Buscar la Belleza (siempre con mayúscula, como apuntaba el otro día), incansablemente. Una foto de John Cassavetes y Gena Rowlands en blanco y negro preside mi estudio. Cuando estoy harto de tanta injusticia y cansado de toda la vulgaridad y mediocridad que nos rodea en estos tiempos salvajes y despiadados, me quedo un buen rato mirándolos, a los dos. Fantaseo con aquellos rodajes que compartieron y rememoro alguna de las escenas de sus películas. Sueño con que una máquina del tiempo pudiese transportarme a esos años, los 70, y me permitiese comprobar de cerca aquellos rodajes, tanta Belleza y tanto talento. Luego, ya más calmado, regreso a mis cosas. 

viernes, 1 de julio de 2016

Rebajas y libros

Antes, el primer día de rebajas, te podías encontrar libros estupendos a muy buen precio. Antiguos títulos de Alfaguara, RBA o similar. Ahora, como metáfora inevitable de los tiempos que vivimos, todo son caras televisivas a las que les dio por "escribir" un libro una tarde ociosa. Como, probablemente, no vendieron lo esperado (ni la mitad, siquiera), la editorial saca esa morralla a precio rebajado.
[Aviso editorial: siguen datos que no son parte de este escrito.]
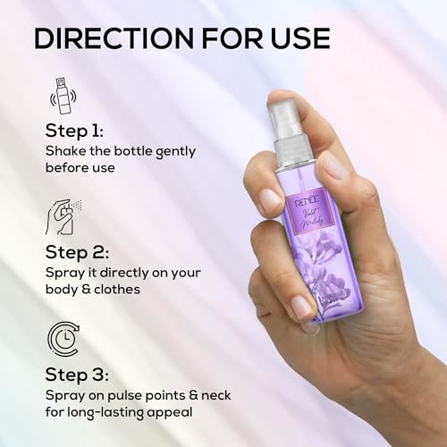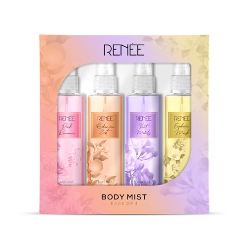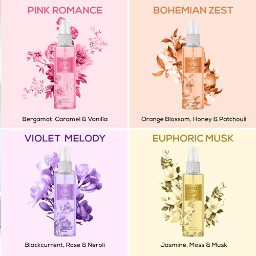 Pink Romance : Top Notes: Neroli Bergamot Red Fruits Rose Middle Notes: Raspberry Caramel Lily of the Valley Orchid Base Notes: Musk Vanilla Moss Get ready to tune into the floral melody of RENEE Pink Romance Body Mist. Crafted with heady notes of Bergamot Caramel and Vanilla; this long-lasting mist will leave you smelling like a bouquet of flowers drenched in a delicious dessert. Violet Melody : Top Notes: Sicilian bergamot Mandarin Blackcurrant liqueur. Middle Notes: Rose de mai Neroli Egyptain jasmine Freesia. Base Notes: Patchouli Woods Amber Orcanox Vanilla. Celebrate the party called life with RENEE Violet Melody Body Mist. Infused with the zesty notes of Blackcurrant Rose & Neroli; this concoction of bold and romantic fragrance will let you own the dance floor turn heads and leave a lasting impression. Euphoric Musk : Top Notes: Caraway Bitter Almond Middle Notes: Jasmine Sambac Moss Base Notes: Jacarander Wood Vanila Musk Wrap yourself into the zen-like aura of RENEE Euphoria Musk Body Mist. With each spritz you embark on a fragrant journey that transports you to a tranquil oasis where combined notes of Jasmine Moss & Musk serenade your senses. Bohemian Zest : Top Notes: Orange Blossom Middle Notes: Jasmine patchouli Base Notes: Cedarwood Rose Honey Indulge with the vibe of a free spirit with RENEE Bohemian Zest Body Mist. Created with an energizing play of Orange blossom Honey & Patchouli this mist is like dancing through a field of blooming flowers surrounded by the sweetest nectar!
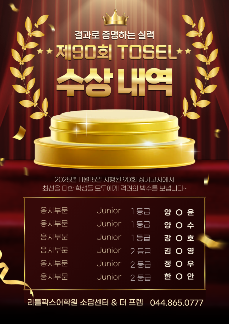 안녕하세요! 리틀팍스어학원 & 더프렙 소담센터입니다. 지난 11월 15일 시행된 제90회 토셀(TOSEL)정기 시험에서 우리 소담센터의 재원생들은 의미있는 결과를 확인 하였습니다. 물론, 결과도 중요하지만, 그보다 더 값진것은 우리 아이들이 시험 준비부터 포기하지 않고 완주했다는 사실입니다. 이번 토셀정기시험을 통해 객관적인 실력을 시험으로 확인해보는 경험 내가 어느정도인지 또 부족한 부분은 어떤 영역인지 점검해 보는 시간을 가져다는 점에서 우리 모두에게 큰 의미가 있었습니다. 수고 많았고 도전하는 우리아이들 정말 자랑 스럽습니다! * 응시생들은 학년대비 높은 단계의 시험을 응시하였고 좋은 결과를 확인 하였습니다. ....... <img src="https://blogthumb.pstatic.net/MjAyNTEyMTZfMjYw/MDAxNzY1ODY3Njg0Njgz.24sbnnZJhpVyfZc1yNy3D6t_W8xln8kqQIqdIyySI_kg.H8OBTLSgmT3N8GYtVWzeEGd8ELooZfr5mdn6xEpNerAg.PNG/2.png?type=s3" />
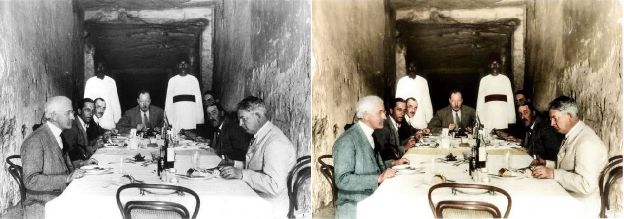Обед в гробнице Рамзеса XI. Фотография сделана лордом Карнарвоном, чьё место во главе стола (впереди) пустует. Среди обедающих (слева направо): Джеймс Генри Брестед (умер от рентгеновского облучения), Гарри Бёртон (умер от диабета), Альфред Лукас, Артур Каллендер (умер от плохого здоровья), Артур Мейс (умер от яда), Говард Картер и Алан Гардинер, все они не старше 50 лет. 16 февраля 1923

Después de rastrear toda la mañana, sólo he podido hacerme con un título que no había leído de Ruth Rendell, 'El Club de Hexam Place' (a 5, 95, en Casa del Libro, por si hay alguna persona interesada), publicado en 2013. Sirva como homenaje a esa gran escritora -a mi juicio a la altura de Patricia Highsmith- que supo indagar como pocas en los entresijos de la mente humana.